The rental market is part of the dysfunctional Irish property scene. After some easing of pressure during the Covid-19 restrictions, rents are now again on the rise, increasing by 5.6 per cent in the last year, with a particularly large rise outside Dublin. As employees return to Dublin with the likely – albeit gradual – reopening of offices in the months ahead, rents look set to rise here, too. A chronic shortage of rental properties on offer to tenants, with supply at its lowest level since data started to be collected 15 years ago, lies behind this.

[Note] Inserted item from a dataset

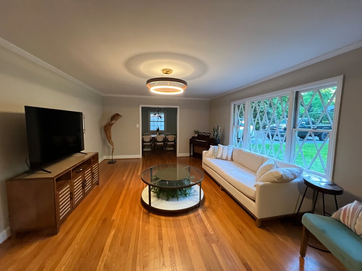 Tágas privát lakosztály az I-40 közelében edzőteremmel, biliárdasztallal és társalgóval. Élvezd a teljes alsó szintet saját bejárattal, egy békés, erdős környezetben, mindössze néhány percre Winston‑Salemtől és a Tanglewood Parktól. Tökéletes pároknak, családoknak vagy üzleti utakhoz – kényelem, magánélet és kényelem egyben. Megjegyzés: A családunk a ház földszintjén lakik. Bár mindent megteszünk, hogy figyelmeskedjünk a vendégeinknek, és nagyon kevés zaj jut át az emeletek között, valószínűleg hallani fogsz lépéseket.

Institutional landlords are key suppliers of rental property, though often at a price too high for many potential tenants
The Irish rental market – like the wider property market – is really a series of smaller markets, though all are linked by the chronic shortage of supply. Smaller private landlords remain a key player in the market, but there is a steady drift away as many sell out. At the far end of the market are the institutional landlords, keen to expand but, according to a recent survey by the Rental Tenancies Board, willing to leave a property vacant during the pandemic rather than lock in a lower rent level.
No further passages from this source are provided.